서비스 운영에서 관측성은 "로그 몇 줄 더 찍기"가 아니다. 실제로는 trace, error event, structured log, request context를 한 모델로 묶는 설계다. FastAPI 서비스에서 이 부분이 약하면 느린 요청, 숨은 N+1, 외부 API timeout, background task 실패가 각각 다른 도구에 흩어져서 원인 파악이 매우 느려진다.

빠른 요약: 실무에서는 OpenTelemetry를 trace backbone으로 두고, Sentry를 error/performance product로 붙이고, `structlog` 같은 structured logging 도구로 request context를 정리하는 조합이 읽기 좋다. 중요한 것은 라이브러리 선택 자체보다 "앱 시작 시 한 번만 초기화", "샘플링과 PII 정책 분리", "고카디널리티 태그 남용 금지"다.

역할	추천 도구	왜 쓰나
분산 trace / span	OpenTelemetry	vendor-neutral 기반, FastAPI/SQLAlchemy 계측 생태계가 좋다
오류 수집 / 성능 모니터링	Sentry	에러와 트레이스를 운영 UI에서 빠르게 묶어 보기 좋다
구조화 로그 / request context	structlog	`contextvars` 기반 request id, trace id 연동이 깔끔하다

큰 그림

좋은 관측성은 로그, 트레이스, 에러가 서로 고립되지 않고 request context와 함께 연결되는 구조다.

OpenTelemetry는 bootstrap에서 한 번만 붙인다

from fastapi import FastAPI
from opentelemetry.instrumentation.fastapi import FastAPIInstrumentor
from opentelemetry.instrumentation.sqlalchemy import SQLAlchemyInstrumentor


def configure_observability(app: FastAPI, engine: object) -> None:
    FastAPIInstrumentor.instrument_app(
        app,
        excluded_urls="health,metrics",
    )
    SQLAlchemyInstrumentor().instrument(
        engine=engine,
    )

FastAPI와 SQLAlchemy 계측은 app/engine bootstrap 시점에 한 번만 연결하는 편이 안전하다. 라우트 함수나 dependency 안에서 반복 호출하면 중복 계측이나 예상치 못한 성능 저하가 생길 수 있다.

Sentry는 샘플링을 먼저 설계해야 한다

import sentry_sdk
from sentry_sdk.types import SamplingContext


def traces_sampler(context: SamplingContext) -> float:
    if context.get("parent_sampled") is not None:
        return float(context["parent_sampled"])

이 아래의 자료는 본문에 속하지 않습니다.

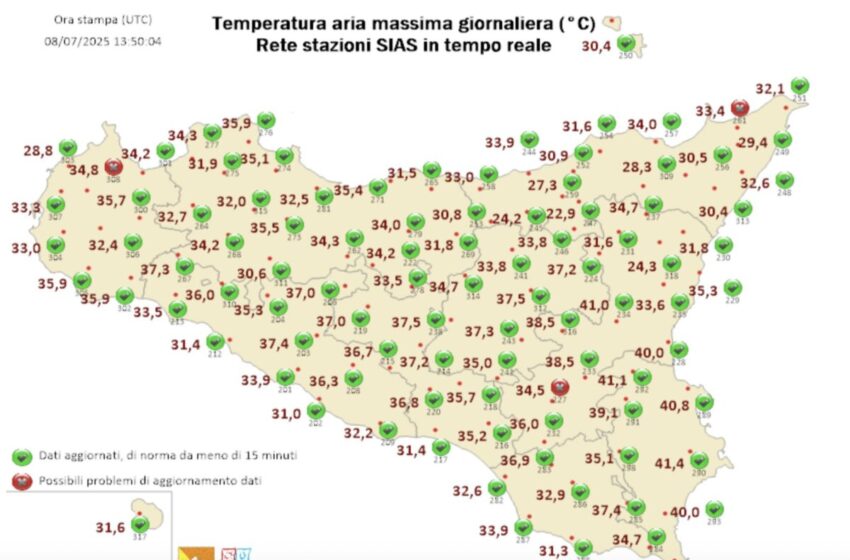 Il valore raggiunto a Siracusa dovrebbe segnare, al momento e in attesa di ulteriori aggiornamenti, il record per il 2025. Lo scorso giugno era stata la stazione SIAS di Lentini, in contrada Luppinaro a quota 50 metri sul livello del mare, a superare la soglia dei 40 °C.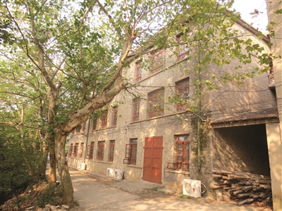 定山山巅如履平地,场部建筑三三两两,掩映在绿荫之中。其中一幢三层的青砖灰瓦的苏式小楼格外显眼,青砖朱棂,质朴无华。此建筑西面入口处墙上有一水泥碑体,上书“教学楼浙江省湘湖师范于一九六五年九月实行半农半读六五年十一月由浙建公司建筑此楼面积一千六百平方米全校师生员工都参加基建劳动”。教学楼西面有古樟一棵,南面梧桐树较多,已与教学楼一般高,有的树叶子伸到三楼窗口,伸手可触摸。

    transaction_context = context.get("transaction_context", {})
    name = str(transaction_context.get("name", ""))
    if name.startswith("GET /health"):
        return 0.0
    if name.startswith("POST /checkout"):
        return 0.5
    return 0.1


sentry_sdk.init(
    dsn="https://examplePublicKey@o0.ingest.sentry.io/0",
    traces_sampler=traces_sampler,
    sample_rate=1.0,
)

error event는 기본적으로 더 높게 보존하고,
trace는 트래픽과 비용을 보고 더 낮게 샘플링하는 편이 흔하다.
Sentry 공식 문서도 traces_sample_rate 또는 traces_sampler를 명시적으로 설계하라고 안내한다.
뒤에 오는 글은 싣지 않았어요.